Estudo revela como depressão afeta atenção em crianças

Uma pesquisa da Universidade de Binghamton, em Nova York, investiga como a depressão influencia a atenção de crianças em relação a expressões faciais. O estudo, que acompanhou 242 crianças e suas mães ao longo de dois anos, revela que os sintomas depressivos alteram a forma como as crianças percebem emoções, variando conforme o histórico de depressão materna.
Impacto da depressão na percepção emocional
Os resultados indicam que crianças com sintomas depressivos tendem a prestar mais atenção em rostos tristes, especialmente se suas mães também apresentaram histórico de depressão. A pesquisa sugere que essa mudança na atenção pode resultar em uma maior fixação em expressões negativas, o que pode agravar o estado emocional das crianças.
Metodologia do estudo
Os pesquisadores utilizaram tecnologia de rastreamento ocular para monitorar a atenção das crianças enquanto elas observavam pares de rostos exibidos em uma tela. Cada par incluía um rosto com expressão neutra e outro que poderia ser feliz, triste ou irritado. As avaliações foram realizadas a cada seis meses, permitindo uma análise detalhada das mudanças na atenção ao longo do tempo.

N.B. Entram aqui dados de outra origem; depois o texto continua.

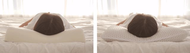 へこんだ枕を使用すると、首や肩が当たる部分の高さが変わり、肩のラインが斜めになってしまい、背骨が曲がった姿勢になりがちです。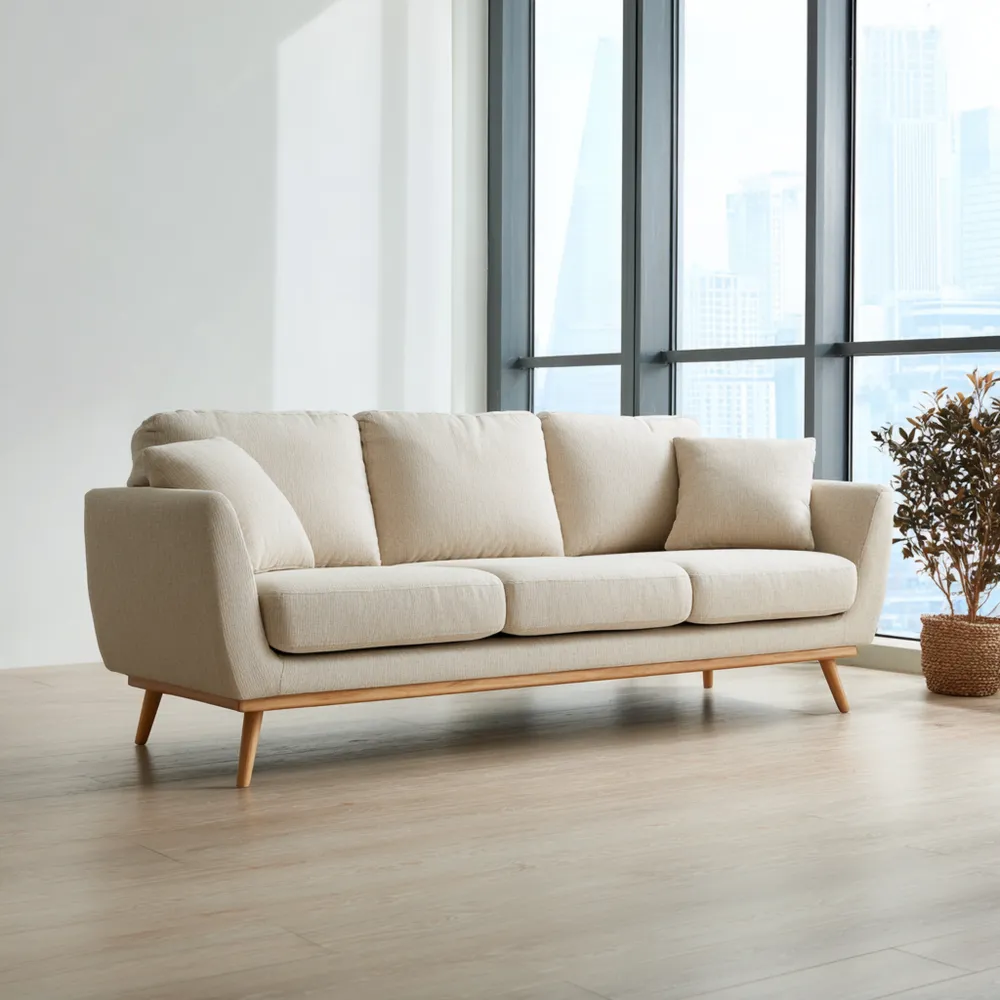3-Sitzer-Sofa Stoffpolster 200x85x90 cm – Creme – Skandinavisches Design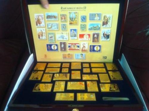 ขาย stamp ทองชุดครองราชย์ 50 ปี มีเพียง 9,999 ชุดเท่านั้น หายากมาก ใส่กล่องไม้โอ๊กพร้อมกุญแจล๊อค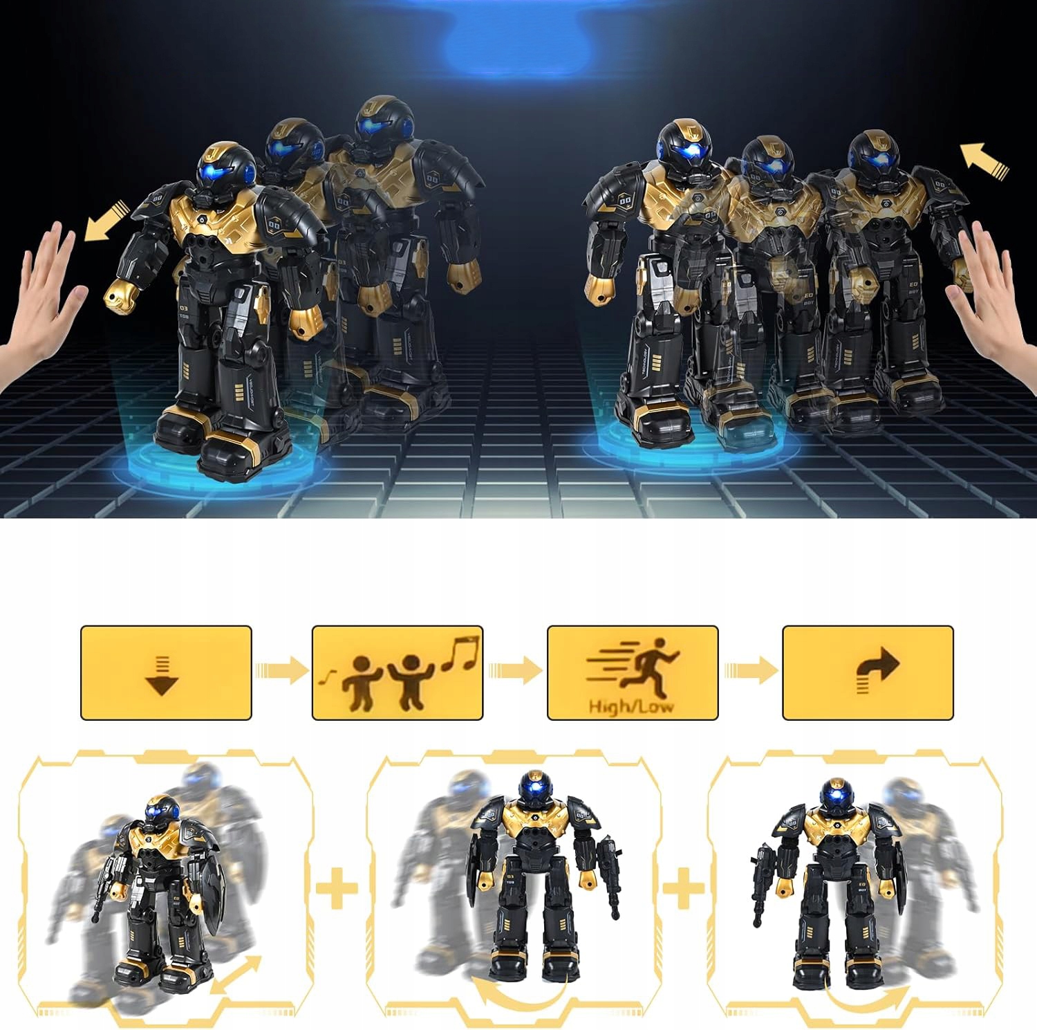 🤖Робот з дистанційним керуванням: робот із дистанційним керуванням постачається з дистанційним керуванням, щитом і пістолетом. Робот більший за інших роботів і імітує звук кулемета. Отже, коли двоє дітей купують цього робота, вони можуть влаштувати захоплюючі бої! Робот також має світлодіодні очі, які дуже круті вночі, і ця іграшка дуже сподобається дітям!🤖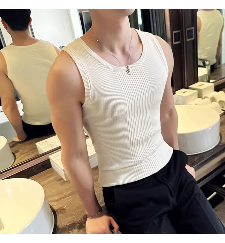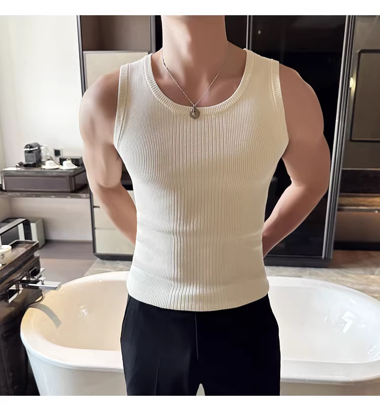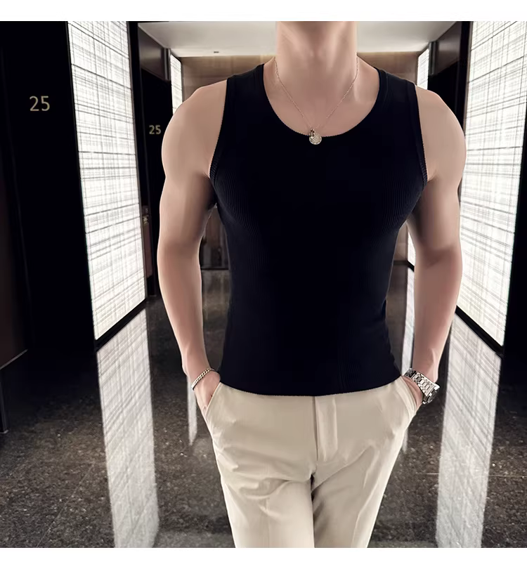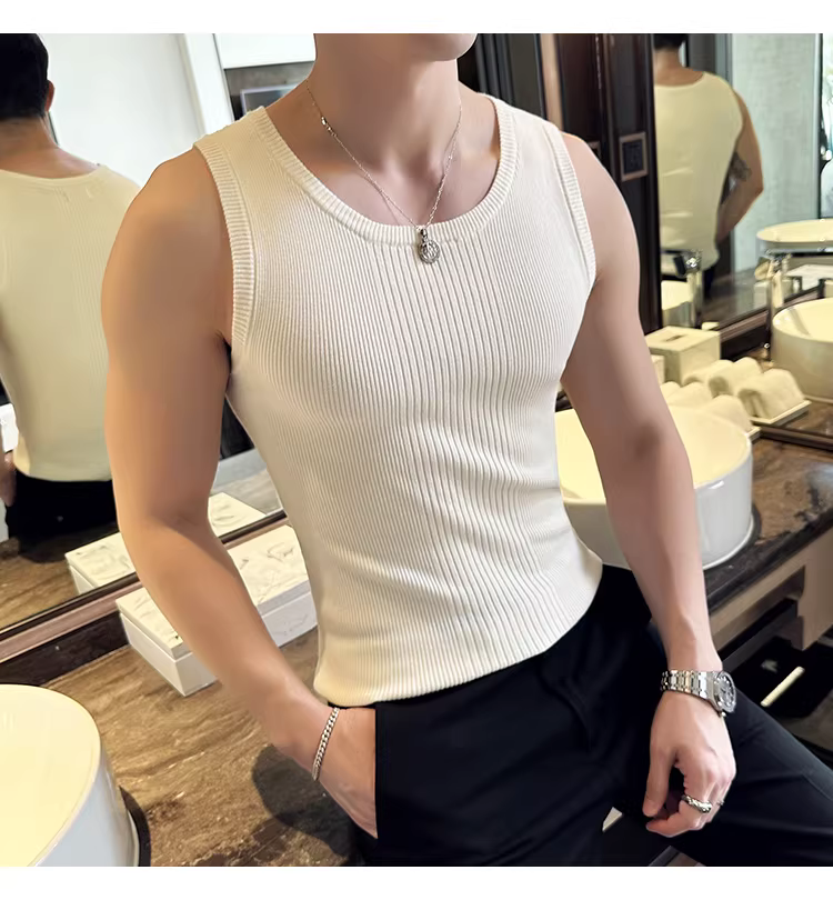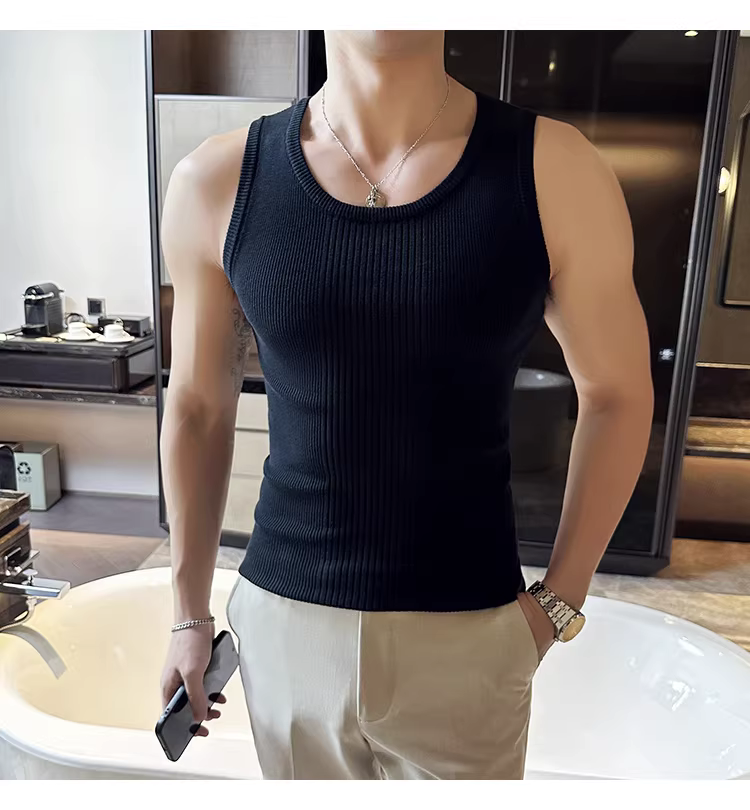 Áo len nam cao cấp, kiểu dáng ôm sát, chất liệu thun co giãn, không tay, đa năng, thời trang, áo lót mặc trong phong cách thường ngày.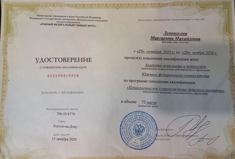 - ЮФУ, программа повышение квалификации «Психологическое сопровождение детского развития», 2020 г.

Diferenças na atenção conforme histórico familiar
Entre as crianças cujas mães não apresentaram histórico de depressão, um aumento nos sintomas depressivos foi associado a uma diminuição da atenção a rostos felizes. Por outro lado, crianças com mães que sofreram de transtorno depressivo maior mostraram um aumento na atenção voltada para rostos tristes, indicando que a experiência de depressão pode intensificar a percepção de tristeza em seu ambiente.
Implicações para o futuro das crianças
Os pesquisadores continuam a acompanhar as crianças para investigar como esses padrões de atenção podem afetar o risco de diagnósticos de depressão na adolescência. O estudo, publicado na Journal of Psychopathology and Clinical Science, oferece insights sobre a relação entre viés atencional e sintomas depressivos, destacando a importância de intervenções precoces para mitigar os efeitos da depressão na infância. Para mais detalhes, consulte o artigo completo em DOI: 10.1037/abn0001132.

A pesquisa enfatiza a necessidade de atenção às crianças em risco e sugere que intervenções focadas na percepção emocional podem ser cruciais para prevenir o desenvolvimento de problemas mais sérios no futuro.